Vous lancez une petite pique finale contre le livre numérique : une volonté d’afficher votre détermination à défendre le livre-papier ?
Ce dernier gag n’est pas une pique, mais une inquiétude. Va-t-il rester encore longtemps des livres, ailleurs que dans les bibliothèques municipales ? Les gens lisent toujours, mais le support change, ainsi que toute une économie. Comme pour la musique, le cinéma, le livre et la BD en particulier voit son mode de consommation remis en question. les auteurs voient leur revenu modifié, les éditeurs ne les rassurent pas trop, puisque eux non plus ne savent pas trop où ils vont, donc on tâtonne, on hésite, on essaie... Ce gag allait plutôt dans ce sens, et rappelle qu’en attendant, on peut se rabattre sur une valeur sûre, qui a fait ses preuves depuis plusieurs siècles, le livre !

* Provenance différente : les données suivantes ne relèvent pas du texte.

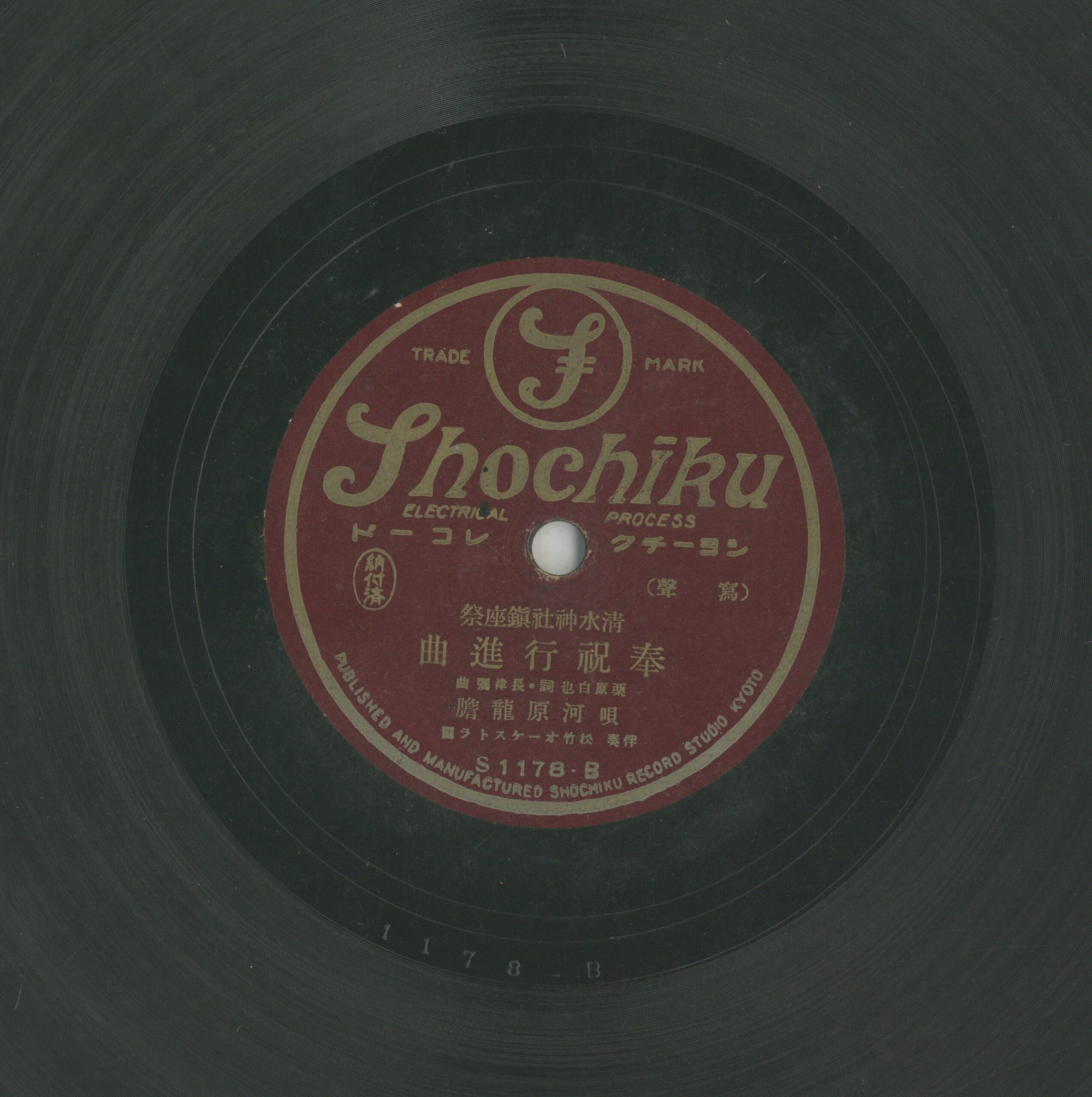 奉祝行進曲 演出者河原龍膽演唱 松竹オーケストラ團伴奏創作者栗原白也作詞 長津彌作曲關鍵詞#新民謠 #地方民謠內容清水神社鎮座祭,歌單寫「新民謠」聲音載體留聲機唱片發行編號松竹S1178專輯年份《清水神社鎮座寄》1935~1942來源專案臺史博館藏錄音發布(2026) 相關照片

Mais bon, évolution des techniques oblige, alors que ce livre portait un regard sur le passé des hommes (surtout l’évolution de l’éducation à travers les âges), cet album a été entièrement fait sur ordinateur. le seul papier utilisé l’a été pour imprimer les bandes dessinées.
Avez-vous déjà une idée parallèle pour le tome 11 ?
Je travaille sur le tome 11 qui traitera du sport à l’école et à la maison. J’avais déjà évoqué ce thème dans le tome 5 avec la piscine, et de temps en temps dans des gags dans la salle de gym, mais pas sur un album complet. Peut -être que pour le tome 20 (ou avant, je l’ignore), je ferai un album plus spécifiquement scientifique (avec des gags sur la chimie, la biologie, la physique, l’électricité, la géologie,...). Je crois qu’il y a matière rigolote. Par contre, faire un Toto Globe-trotter (voir le Boule et Bill) ou Toto qui visite les départements de France, me paraît moins drôle, même si cela n’empêche pas d’imaginer des gags de temps en temps sur ce sujet.